We had two identical pine platforms (possibly shelves in some previous life) with an aged, battered finish that looked just right for testing out Howard's claims. So we left the finish on one, just giving it a light cleaning. The other we quickly sanded with coarse grit sandpaper, removing most or all of the finish.

On the unfinished shelf, we left half untouched. A quarter of the shelf was stained with Howard Restor-A-Finish, which the company recommends in conjunction with Feed-N-Wax, possibly in a bid to improve the return on their substantial investment in hyphens. After it dried, we coated it thickly with Feed-N-Wax. The remaining quarter we gave a thick coating of only Feed-N-Wax, following the package directions in all cases. The unfinished shelf was handled identically: half untouched, a quarter stained then waxed, and a quarter only waxed.

The Feed-N-Wax seemed to do a creditable job. Certainly, the difference between the waxed and untreated wood was dramatic. (Combined with Howard's stain, the effect was not much different.) When applied over an existing finish, the wax did an excellent job of covering and improving. Still, it was substantially darker than the original light pine, leaving some darker spots instead of an even finish. However, it was an improvement nonetheless. We did notice some unevenness in the wax applied to the sanded boards, but some of the patterns suggested this could result from uneven or incomplete sanding.

Feed-N-Wax? Wait-And-See.

Feed-N-Wax was a little annoying to get out of the bottle, suddenly spurting globs in a manner that made nearby spouses nervous and control of the application a little challenging. Spreading it was also slightly tricky because of the aforementioned chunkiness. The instructions recommend soaking a cloth pad with the wax rather than applying it directly to wood, and so do we.

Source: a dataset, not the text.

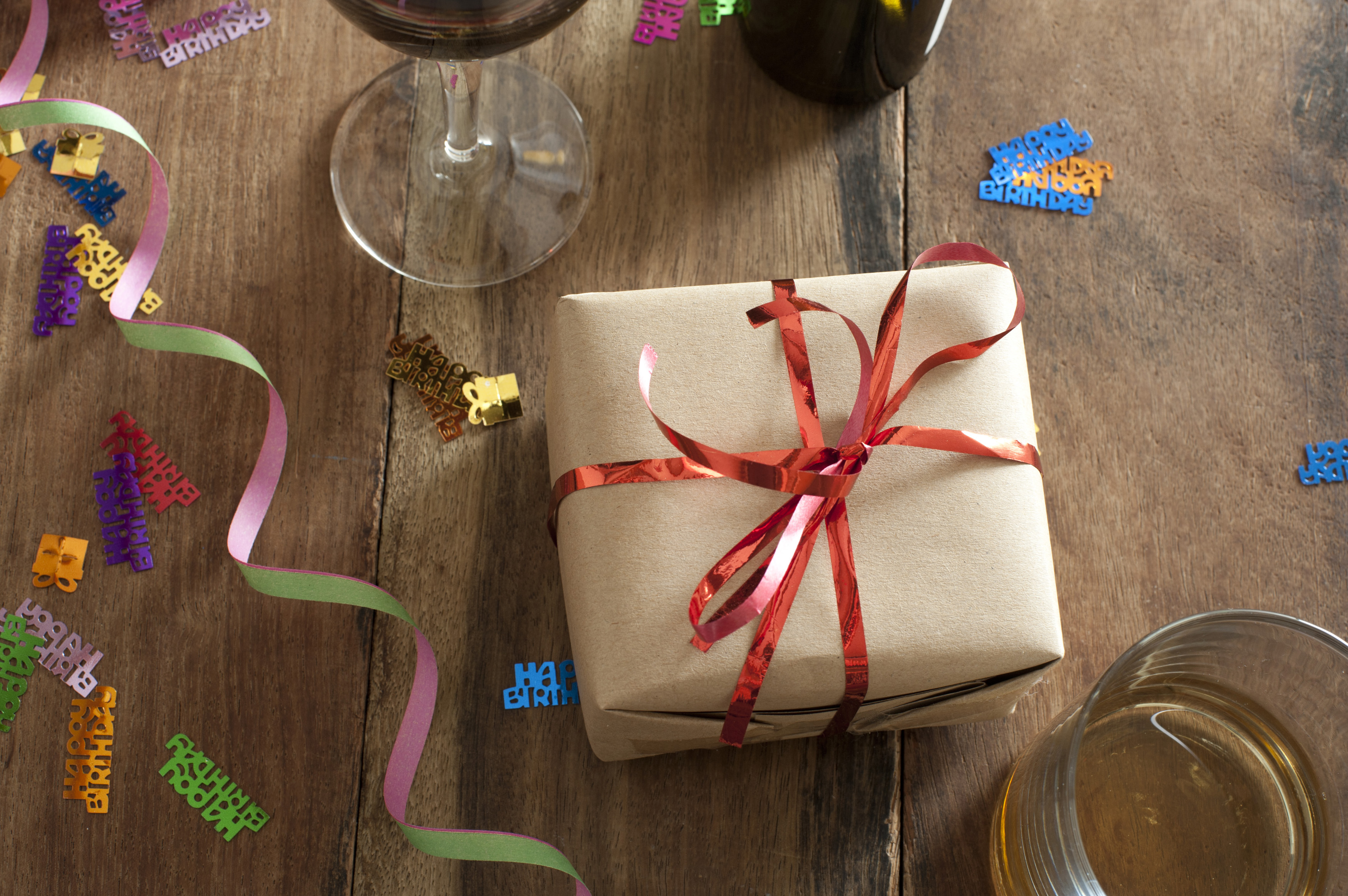 Keywords: birthday, bottle, celebration, confetti, drink, enjoyment, fun, gift, glass, party, present, scattered, streamers, wine, wrapped, alcohol

The results were about on par with our expectations, and since about a zillion five-star reviews informed those expectations, that's pretty good. As far as one can tell, the stuff seems to penetrate unfinished wood and still sit on the top enough to give off a bit of luster.

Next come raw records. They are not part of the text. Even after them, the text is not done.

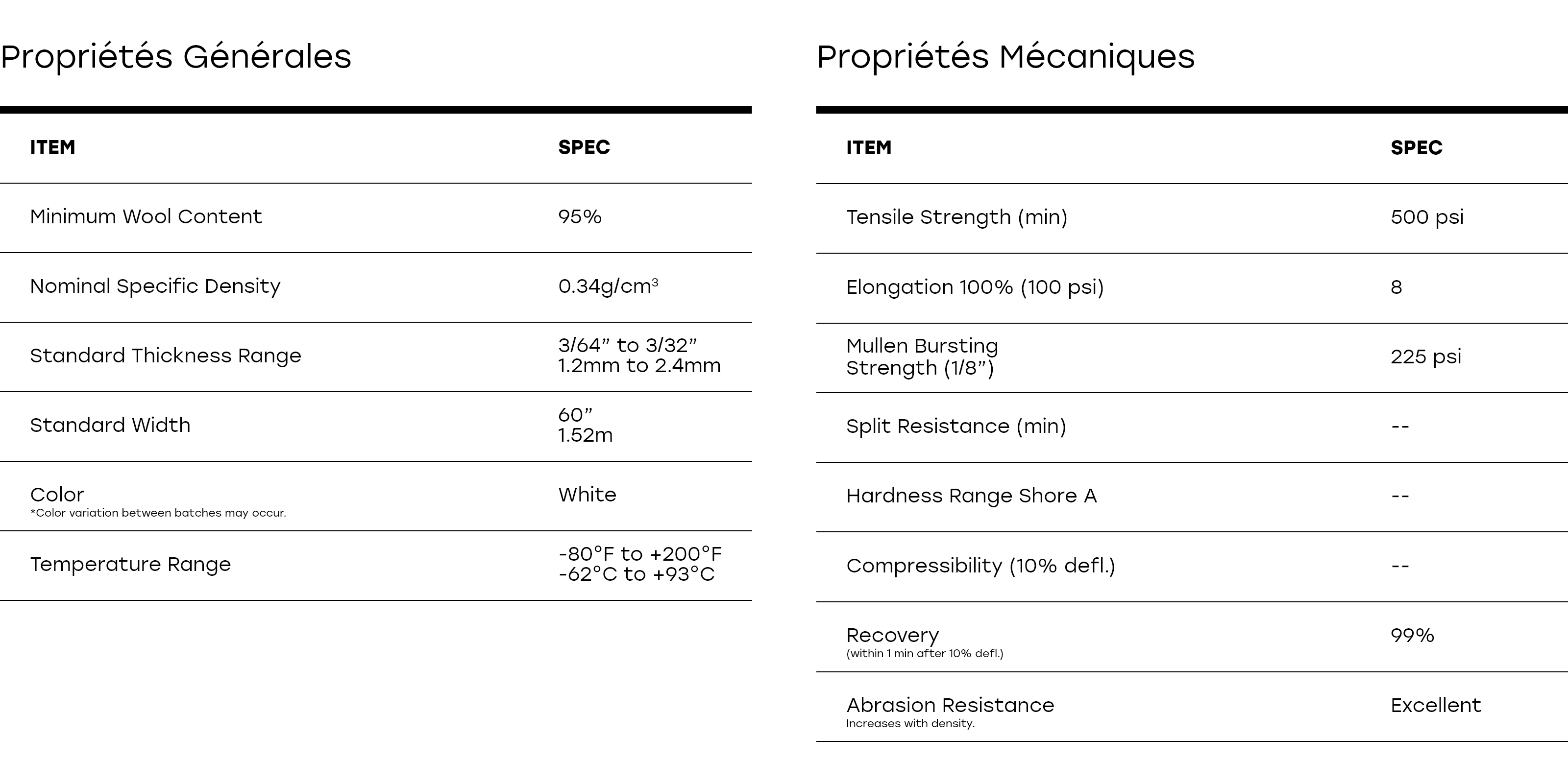 REMARQUE : Les couleurs affichées en ligne ou imprimées peuvent différer légèrement du feutre réel. Si la précision de la couleur est essentielle à votre application, nous vous recommandons de demander un échantillon physique avant de passer commande.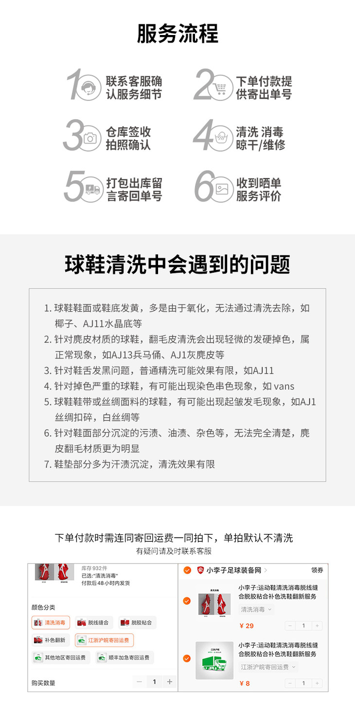 小李子:运动鞋清洗消毒脱线缝合脱胶粘合补色翻新服务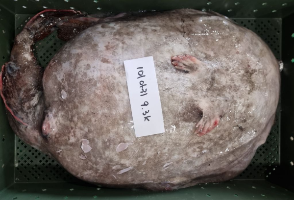 흑산도 부근에서 어획되어 바코드 없는 흑산도 홍어 입니다.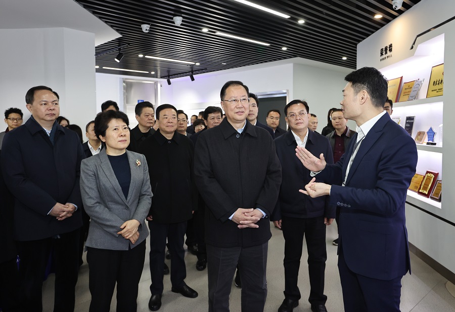 2月18日,省委副書(shū)記、省長(cháng)毛偉明赴長(cháng)株潭調研園區發(fā)展。毛偉明在長(cháng)沙經(jīng)開(kāi)區湖南天河國云科技有限公司調研。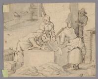 Tre tvätterskor jobbar vid ett stort tvättkar, en ung man med hatt ser på Fritt Upphov Kjellbeck, Per Johan, 1801-1841 Utgivningsår 1800 Kategori BildLaveringarBilder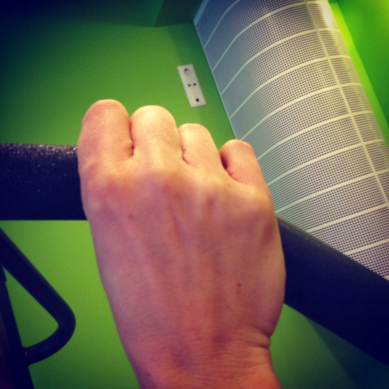 | Såret syns inte, det sitter på mittleden på långfingret, men som ni ser kan jag i alla fall böja fingret nu! |

The trouble with quick wood conditioner tests is that it's difficult to tell exactly what's happening below the surface. For instance, you might get the impression of unevenness without being able to see that the old finish was unevenly removed. Likewise, it might appear to penetrate by virtue of not coating the surface like an oil slick, but you can't be sure. It might even seem oily based on factors like the temperature and humidity in the room. Ultimately, you have to live with a product like this for a while, and your evaluation becomes more complete over time. That said, we think it's a safe bet to use Feed-N-Wax for a while to see if its long-term performance is as good as its immediate results.